Tandis que l’inconsciente voyageuse m’adresse en espagnol des mots dont le sens s’échappe, pour le moins à mon entendement, je m’interroge sur le rôle qui m’incombe ici. Narcisa quand à elle, me regarde et bafouille des mots dans un langage imprécis qui se veut étranger, écarquillant ses yeux rares. Magnifique, ingénue impertinente, telle Proserpine séduisant Pluton elle m’envoute d’un sourire, puis sa main sur mon bras et son sein sur ma main, me transporte en un lieu où la gaule n’est pas vaincue mais où le sang afflue.

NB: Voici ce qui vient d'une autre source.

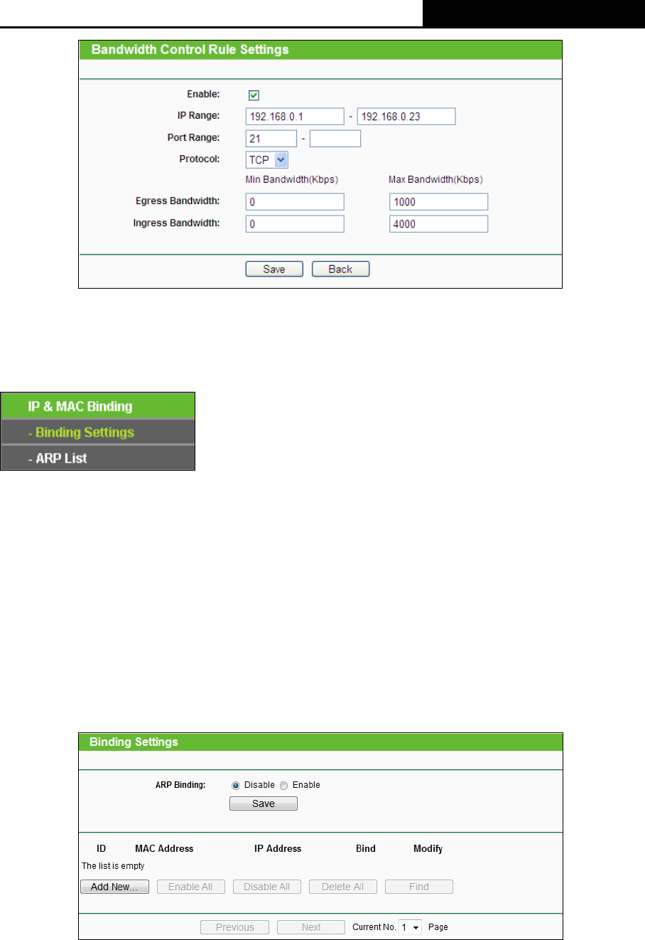 This page displays the IP & MAC Binding Setting table; you can operate it in accord with your

Son corps s’est approché du mien comme le voilier bien barré vient mourir à quai, attendant d’y être amarré. Je ne sais plus où j’en suis. S’est-il passé ce que je pense avoir vu, c’est confirmé! La main après s’être retiré sous la besace en bandoulière de la belle, est revenue dans le sac de l’insensible ibère, et je semble toujours le seul à y voir à redire. C’est le moment que choisi la seconde intrigante pour m’interpeler. Et c’est alors que je comprends ne pas avoir affaire à une aventure comique. J’ai douté jusqu’alors d’une possible blague entre amies en goguette, mais cette fois je suis pris à partie par une femme plus mure, disons 25 ans, et dont le profil de voleuse à la tire est beaucoup plus crédible. Je n’ai plus pour principe de juger au premier regard, le délit de faciès fait injure à l’humain, mais les origines roumaines de la binôme ne font aucun doute. La réputation de spécialiste de l’arnaque à la tire allant de pair avec ma paire de coquines, je ne me laisserai pas troubler par la demande d’aide pour débloquer un sac pris dans la porte. Elle m’effleure le bras et la jambe mais je lui fais mine de ne pas m’approcher. J’ouvre alors la porte, puis me retire dans l’angle opposé du carré, en faisant comprendre aux actrices que je me désintéresse, du moins pour l’instant, de leur œuvres.
Le train s’arrête à la station Cité (ou Saint-Michel) et je descends à la suite des deux espiègles qui grimpent aussitôt deux à deux les marches de l’escalier enroulé autour d’un ascenseur aux allures de monte-charge. Au demi-pallier elles redescendent sur le quai opposé, et Narcisa jette un œil en l’air vers moi; elle semble ne pas me reconnaitre ou le feint bien, je continue ma filature sans discrétion pour lui dire un dernier mot.
« Tu ne devrai pas faire cela, tu va finir en prison, c’est dommage, tu es bien trop belle pour ce triste destin. » lui dis-je à la fois bienveillant et comme dans une sentence.
» Oh! Ça va maintenant » me répond elle avec un air bien moins séduisant qu’au préalable. Ce fut tout de même un beau voyage, mais un peu court, j’ai du penser un moment la punir d’une caresse, et j’ai tout juste été l’objet d’un vent!
hé !!! quel talent de narrateur, Olivier ….
oh bien sûr, je n’ai pas pris la peine de lire tes oeuvres complètes, juste cette charmante nouvelle. Mais celà suffit à me donner l’envie d’ y revenir: un peu comme un bon single malt de12-15 ans, pour un moment d’égarement !!!
J’aimeJ’aime
Cher François,
C’est étonnant comme ce texte a du succès auprès des jeunes quinqua bien verts!
Directement inspiré d’un épisode réel, juste un peu romancé, et écrit dans un parc tout de suite après être sorti du métro…j’en bande encore!